### Directions for this task
Leaving out the pictures, return word for word the stretch of entries below from the line holding "总体而言,Seeking A" through the line holding "01西农西北农林科技大学森林生态学(无答案)一套(即一年的).pdf".

### Extracted data

──────────────────────────────

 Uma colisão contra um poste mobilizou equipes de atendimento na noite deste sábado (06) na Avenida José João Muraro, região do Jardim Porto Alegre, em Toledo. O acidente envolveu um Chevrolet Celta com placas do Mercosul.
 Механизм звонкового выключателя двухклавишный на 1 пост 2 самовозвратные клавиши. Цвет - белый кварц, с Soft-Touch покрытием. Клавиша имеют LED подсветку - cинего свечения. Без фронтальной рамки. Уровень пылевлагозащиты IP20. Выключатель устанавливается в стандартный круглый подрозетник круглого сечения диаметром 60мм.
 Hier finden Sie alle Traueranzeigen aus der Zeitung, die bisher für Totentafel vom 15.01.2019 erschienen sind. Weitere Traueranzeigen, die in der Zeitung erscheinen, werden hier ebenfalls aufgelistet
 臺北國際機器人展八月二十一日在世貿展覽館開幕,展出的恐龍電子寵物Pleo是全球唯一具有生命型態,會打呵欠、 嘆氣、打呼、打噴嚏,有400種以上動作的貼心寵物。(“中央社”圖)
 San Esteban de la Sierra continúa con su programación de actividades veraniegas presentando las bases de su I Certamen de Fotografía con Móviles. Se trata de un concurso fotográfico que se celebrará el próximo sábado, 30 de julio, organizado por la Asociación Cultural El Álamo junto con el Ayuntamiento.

──────────────────────────────

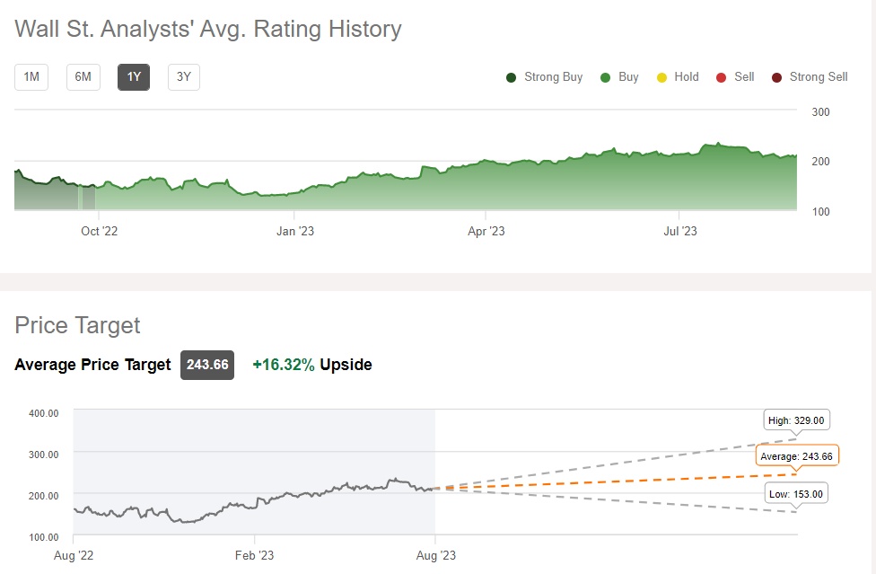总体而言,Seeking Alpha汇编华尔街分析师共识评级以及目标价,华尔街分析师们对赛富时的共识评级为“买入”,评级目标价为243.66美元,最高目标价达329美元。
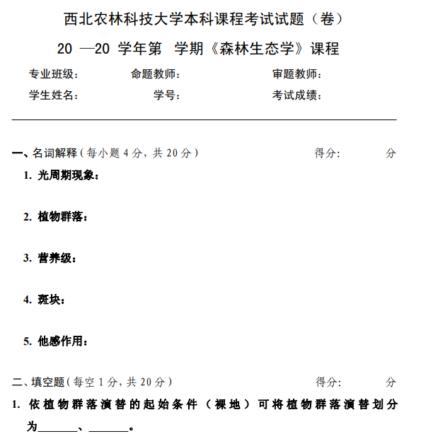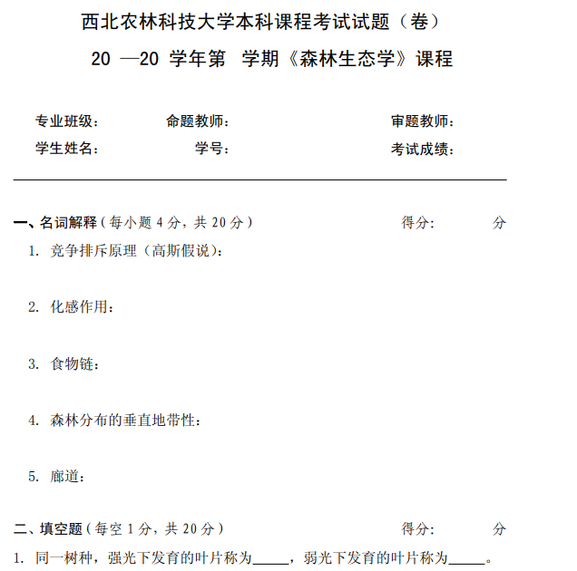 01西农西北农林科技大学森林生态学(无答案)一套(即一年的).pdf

──────────────────────────────

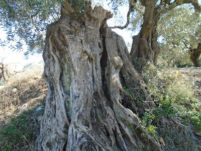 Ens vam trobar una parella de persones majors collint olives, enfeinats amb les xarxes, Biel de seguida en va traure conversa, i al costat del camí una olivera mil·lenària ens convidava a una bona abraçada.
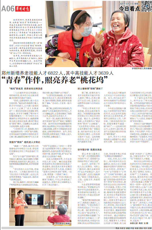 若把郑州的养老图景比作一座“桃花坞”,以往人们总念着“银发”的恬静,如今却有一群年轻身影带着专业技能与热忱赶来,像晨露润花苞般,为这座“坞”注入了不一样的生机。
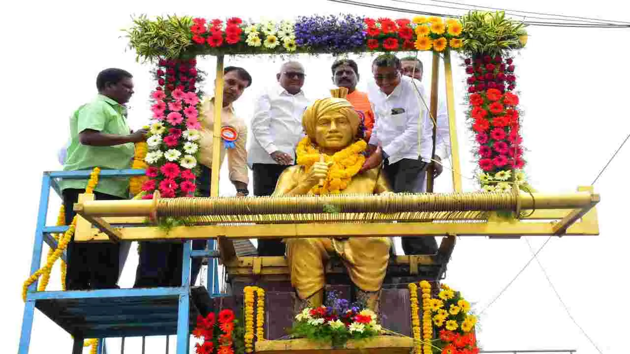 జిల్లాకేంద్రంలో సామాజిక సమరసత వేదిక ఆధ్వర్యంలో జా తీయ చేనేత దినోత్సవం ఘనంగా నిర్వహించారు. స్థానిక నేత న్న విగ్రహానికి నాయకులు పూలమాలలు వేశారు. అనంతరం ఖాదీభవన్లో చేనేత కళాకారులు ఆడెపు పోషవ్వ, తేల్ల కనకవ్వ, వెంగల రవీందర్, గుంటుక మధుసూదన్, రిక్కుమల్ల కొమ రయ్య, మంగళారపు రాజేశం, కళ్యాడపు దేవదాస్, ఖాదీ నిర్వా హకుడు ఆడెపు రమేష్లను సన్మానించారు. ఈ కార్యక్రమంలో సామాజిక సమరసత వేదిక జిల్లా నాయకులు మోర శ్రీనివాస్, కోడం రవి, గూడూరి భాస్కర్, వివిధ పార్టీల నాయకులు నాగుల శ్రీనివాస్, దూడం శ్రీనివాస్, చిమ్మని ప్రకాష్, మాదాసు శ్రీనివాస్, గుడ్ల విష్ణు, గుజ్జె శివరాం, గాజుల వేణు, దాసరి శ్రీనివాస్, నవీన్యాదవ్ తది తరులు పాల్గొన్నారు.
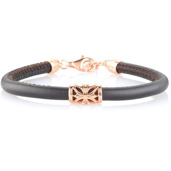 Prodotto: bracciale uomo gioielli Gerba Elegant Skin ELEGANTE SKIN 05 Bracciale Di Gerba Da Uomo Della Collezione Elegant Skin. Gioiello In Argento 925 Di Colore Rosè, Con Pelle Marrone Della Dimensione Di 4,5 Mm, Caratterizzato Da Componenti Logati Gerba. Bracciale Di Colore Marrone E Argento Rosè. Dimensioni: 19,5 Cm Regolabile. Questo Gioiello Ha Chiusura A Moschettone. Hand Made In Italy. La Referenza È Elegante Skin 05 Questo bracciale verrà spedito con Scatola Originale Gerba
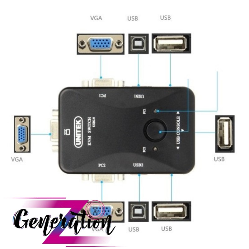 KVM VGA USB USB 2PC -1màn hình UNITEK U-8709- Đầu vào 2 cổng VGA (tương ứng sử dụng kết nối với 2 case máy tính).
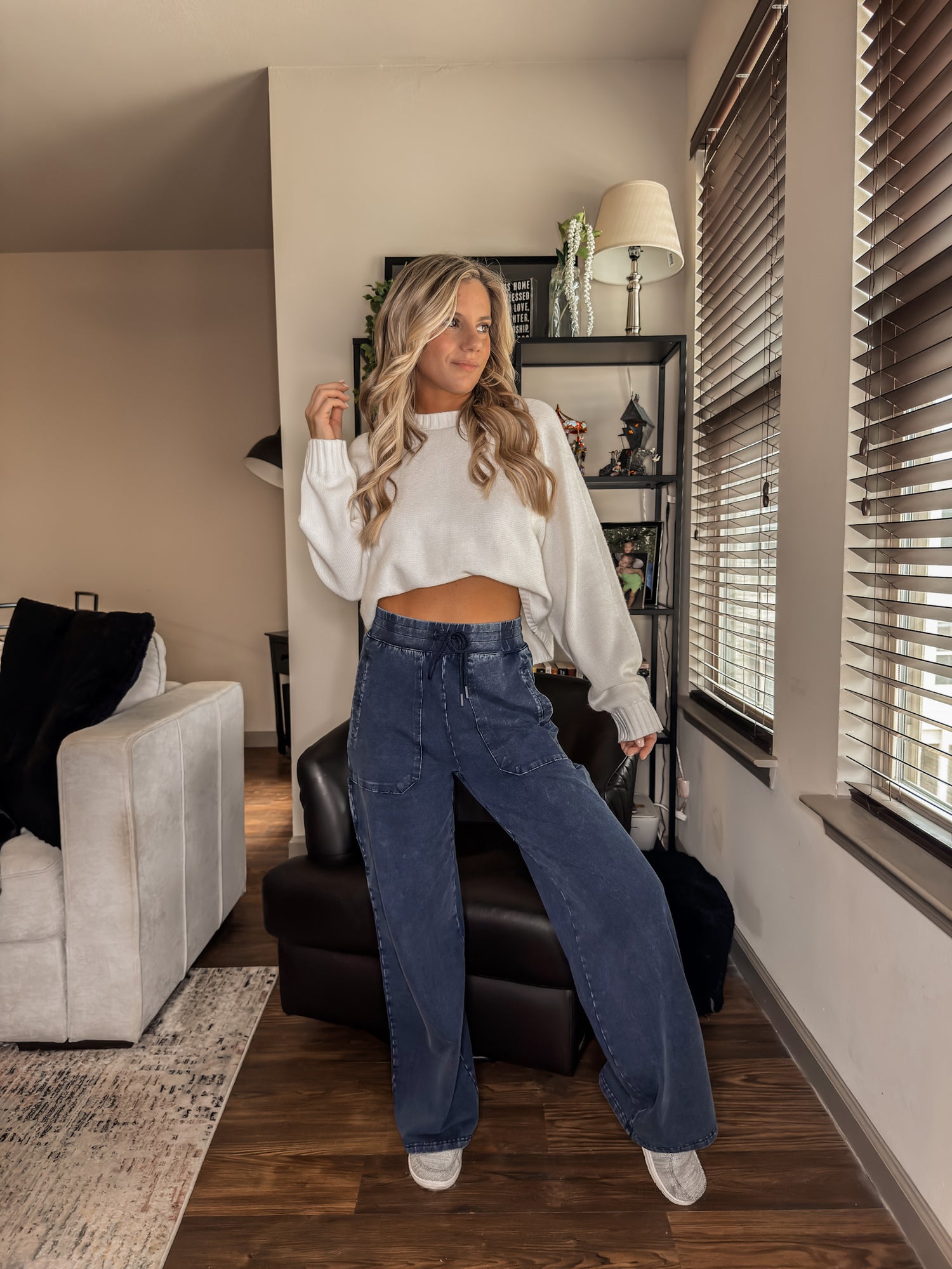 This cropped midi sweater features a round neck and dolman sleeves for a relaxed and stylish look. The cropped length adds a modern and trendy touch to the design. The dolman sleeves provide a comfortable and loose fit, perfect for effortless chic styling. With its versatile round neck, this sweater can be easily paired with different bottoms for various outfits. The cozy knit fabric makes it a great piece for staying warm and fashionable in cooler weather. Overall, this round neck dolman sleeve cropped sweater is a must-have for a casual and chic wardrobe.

──────────────────────────────

### Result of the task
总体而言,Seeking Alpha汇编华尔街分析师共识评级以及目标价,华尔街分析师们对赛富时的共识评级为“买入”,评级目标价为243.66美元,最高目标价达329美元。
 01西农西北农林科技大学森林生态学(无答案)一套(即一年的).pdf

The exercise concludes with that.